Investors can be forgiven for wondering if there was a near cataclysmic collapse in the global banking system at all, after the failure of US investment bank Lehman Brothers last September.
August had kicked off to a good start yesterday, with bourses across the globe all registering gains as the good news on corporate earnings continued to pour in from companies across the board.
It is time for the bears to concede defeat, as the flow of liquidity is so powerful that it propels stock prices higher after each correction.
One market watcher has likened the current rally to the froth generated by churning a cup of cappuccino.

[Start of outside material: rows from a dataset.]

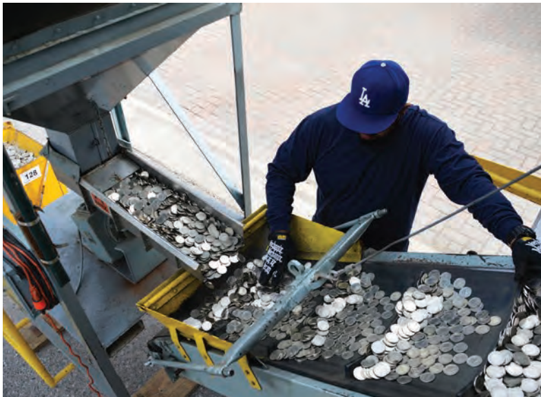
Above, a worker from Secure Mobile Destruction checks the conveyor belt. Below, Secure Mobile Destruction in action next to the Sault casino.
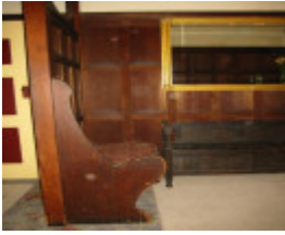
h01033 east view heidleberg screen seat nov2004 mz
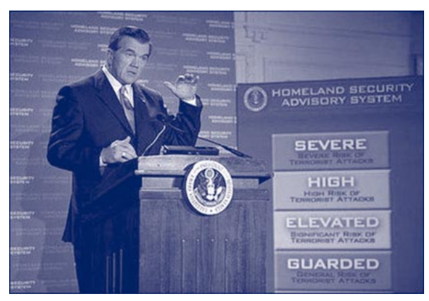
Tom Ridge, the President's Director for Homeland Security, discusses details of the new Homeland Security Advisory System.
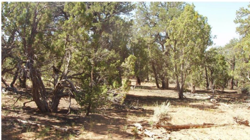
Figure 18. Phase 3.1

Two-needle pinyon and Utah juniper dominate. Mountain big sagebrush and other shrubs are still abundant in the understory, but perennial grasses and forbs are greatly reduced. Trees continue to increase in the absence of fire or other tree reducing disturbance.
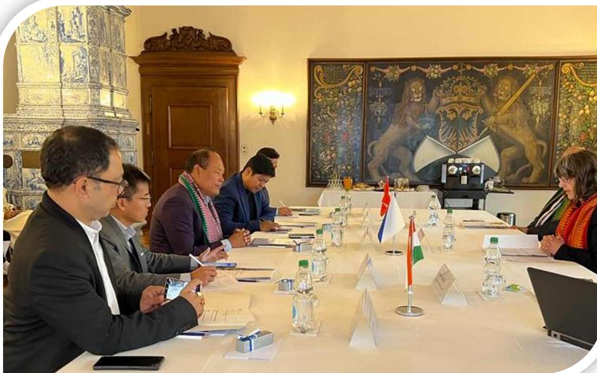
During the meeting at Zurich Cantonal Parliament, Zurich

The more milk you pour into the cup and the more furiously you stir, the more froth you generate, he observes.
Eventually, things must settle down but for the moment, there is so much churning of blue-chips by the funds returning to the region that the market is likely to get more frothy going forward.
What is fuelling the run-up is the ability of these funds to borrow at next-to-zero interest costs in US dollar to punt regional markets.
And with the greenback weakening against all major regional currencies, they also stand to make a bundle from foreign exchange gains as well.
This is a scenario which is similar to that experienced in Japan when it slashed interest rates to zero to fight deflationary pressures a decade ago.
The end-result was a multi-billion dollar yen carry trade, as traders borrowed in the low interest yielding Japanese currency to make huge bets in emerging stock markets.
With the Fed also slashing interest rates to almost zero, the greenback has replaced the yen as the new carry trade currency.